Today's post includes and overview of a Java implementation created to support the new Yahoo Finance page changes. Previous posts include implementations in Bash and Python. Please review them if curious or if you feel the following doesn't have enough of an explanation of the issue created when Yahoo changed their finance page back in May.

For the impatient you can find the program in the following git repo.

https://github.com/bradlucas/get-yahoo-quotes-java

Investigating

The issue detailed previously is that to download quote data on the new Yahoo pages you need to do two things. First, you navigate to the symbol's data page. There your browser or client will be given a cookie that is needed for the later download. Also, the page will have a crumb value associated with CrumbStore. This value needs to be parsed out of the page's data.

We'll do this in Java and use the HttpClient library to do our client connection requests. One immediate bonus is by sharing the HttpClient instance we won't have to manually grab the B cookie and use it because the client will take care of sharing on the subsequent download.

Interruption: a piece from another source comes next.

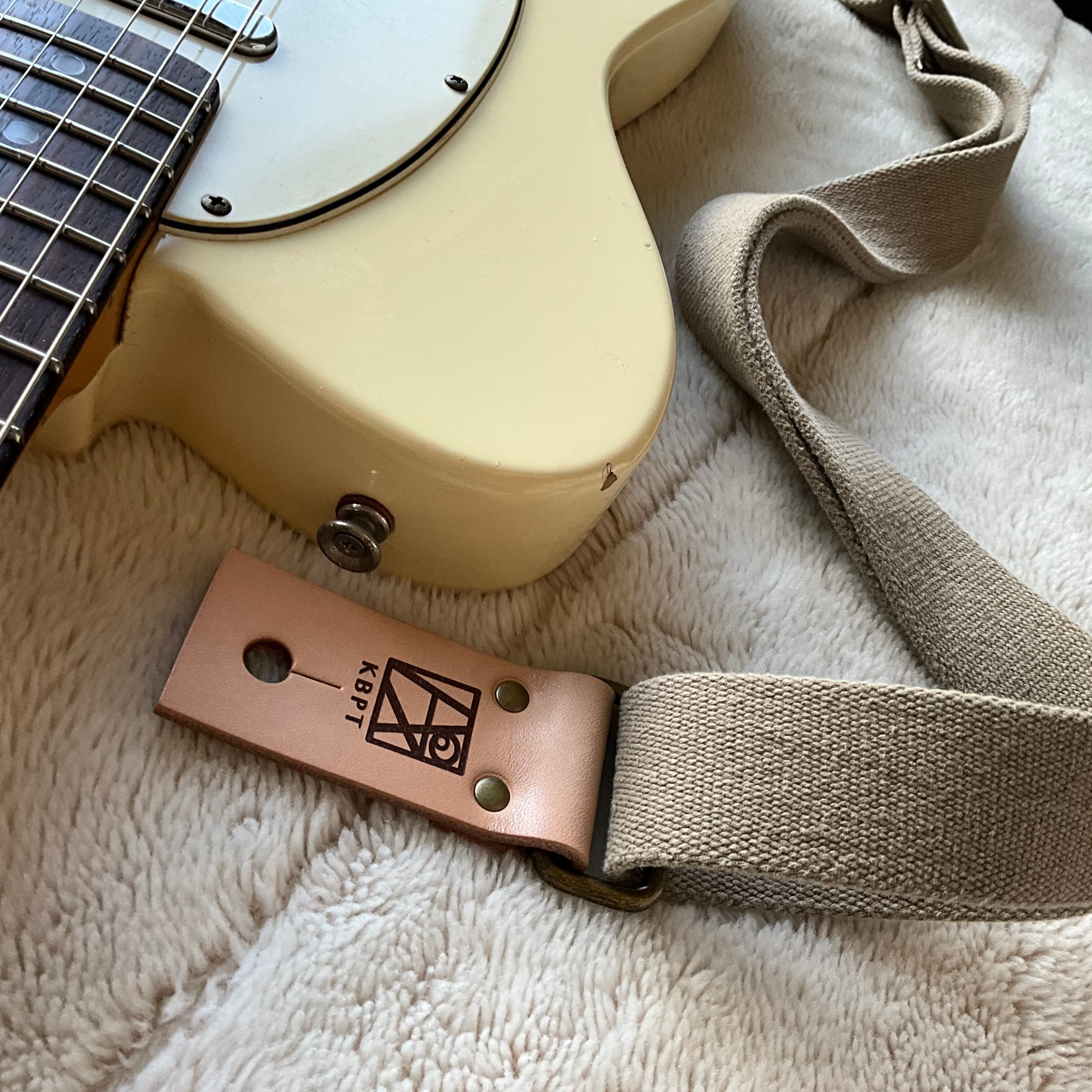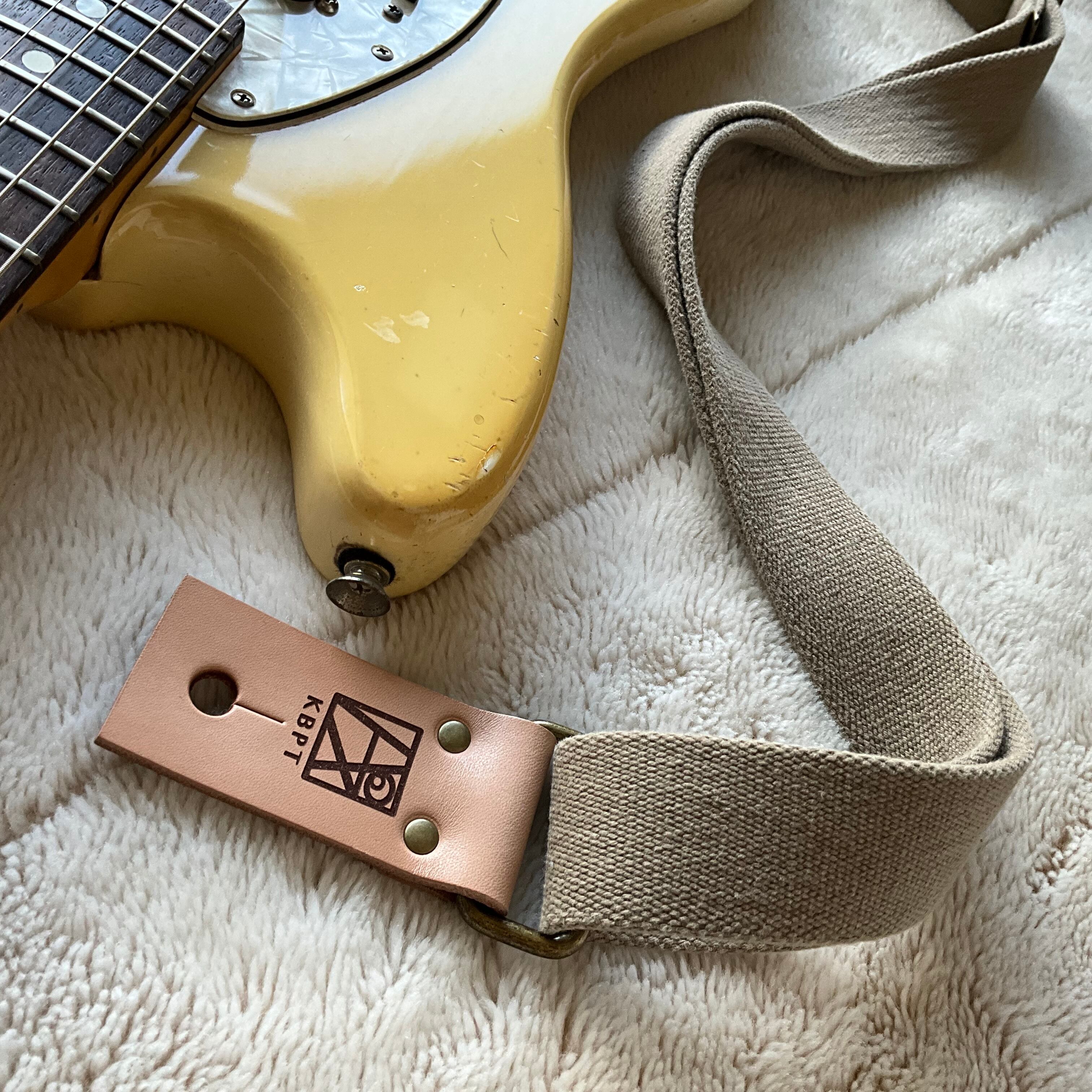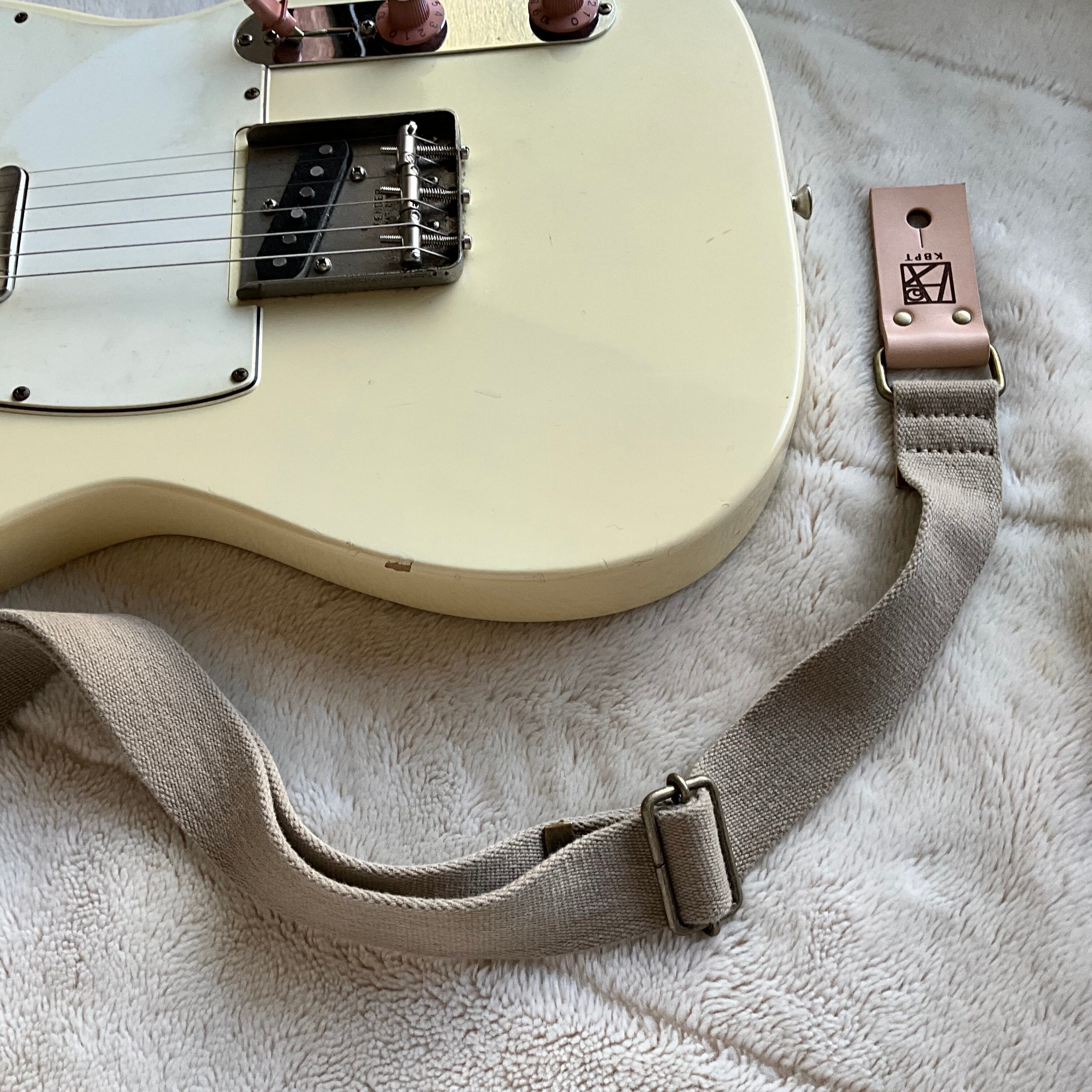 【llama40】オーク*ベージュレザー*アンティーク金具【ピン径8mm/柔らかくて厚い綿のギターストラップ/okbga1LM】
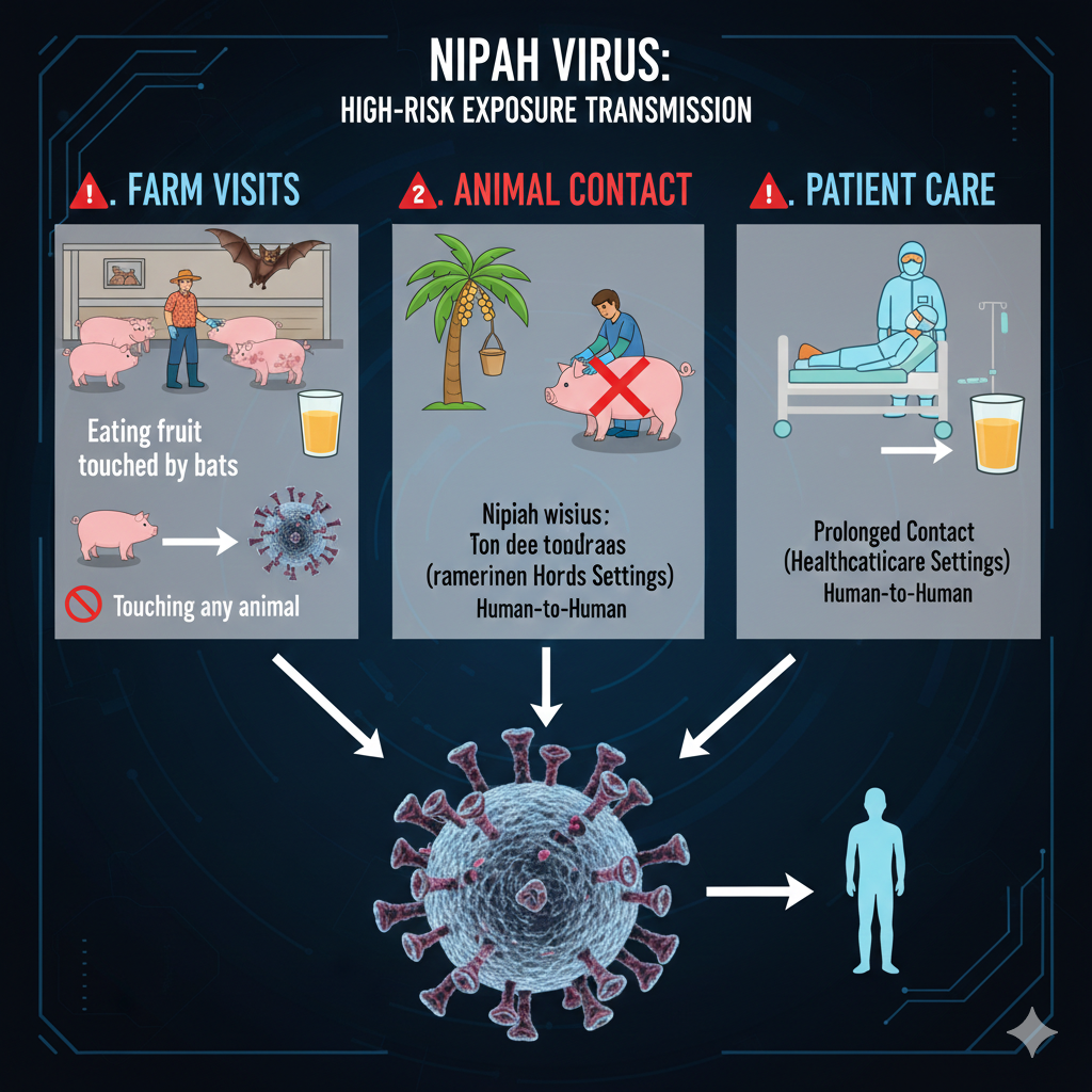 니파 바이러스는 동물에서 사람으로, 사람에서 사람으로 전파될 수 있는 고위험 바이러스입니다. 주로 박쥐가 자연 숙주이며, 감염된 돼지 또는 사람과의 접촉으로 전파됩니다.

So, for our first page request we only need to focus on retrieving he crumb value.

Data in the page

We want to call the initial http://finance.yahoo.com/quote page to get the crumb. Working from top down the first function is getCrumb. This function will find the crumb by looking in the lines of the page returned from getPage.

getPage

Simple call the appropriate page on Yahoo and return the page's content as a string.

    public String getPage(String symbol) {
        String rtn = null;
        String url = String.format("https://finance.yahoo.com/quote/%s/?p=%s", symbol, symbol);
        HttpGet request = new HttpGet(url);
        System.out.println(url);

        request.addHeader("User-Agent", "Mozilla/5.0 (X11; U; Linux x86_64; en-US; rv:1.9.2.13) Gecko/20101206 Ubuntu/10.10 (maverick) Firefox/3.6.13");
        try {
            HttpResponse response = client.execute(request, context);
            System.out.println("Response Code : " + response.getStatusLine().getStatusCode());

            BufferedReader rd = new BufferedReader(new InputStreamReader(response.getEntity().getContent()));
            StringBuffer result = new StringBuffer();
            String line = "";
            while ((line = rd.readLine()) != null) {
                result.append(line);
            }
            rtn = result.toString();
            HttpClientUtils.closeQuietly(response);
        } catch (Exception ex) {
            System.out.println("Exception");
            System.out.println(ex);
        }
        System.out.println("returning from getPage");
        return rtn;
    }

splitPageData

The page data is returned as a single string. This makes it difficult to search so we'll split the page on } characters and return a list of strings.

    public List<String> splitPageData(String page) {
        // Return the page as a list of string using } to split the page
        return Arrays.asList(page.split("}"));
    }

findCrumb

With our list of strings we'll look for CrumbStore, extract the crumb value and then unescape the data.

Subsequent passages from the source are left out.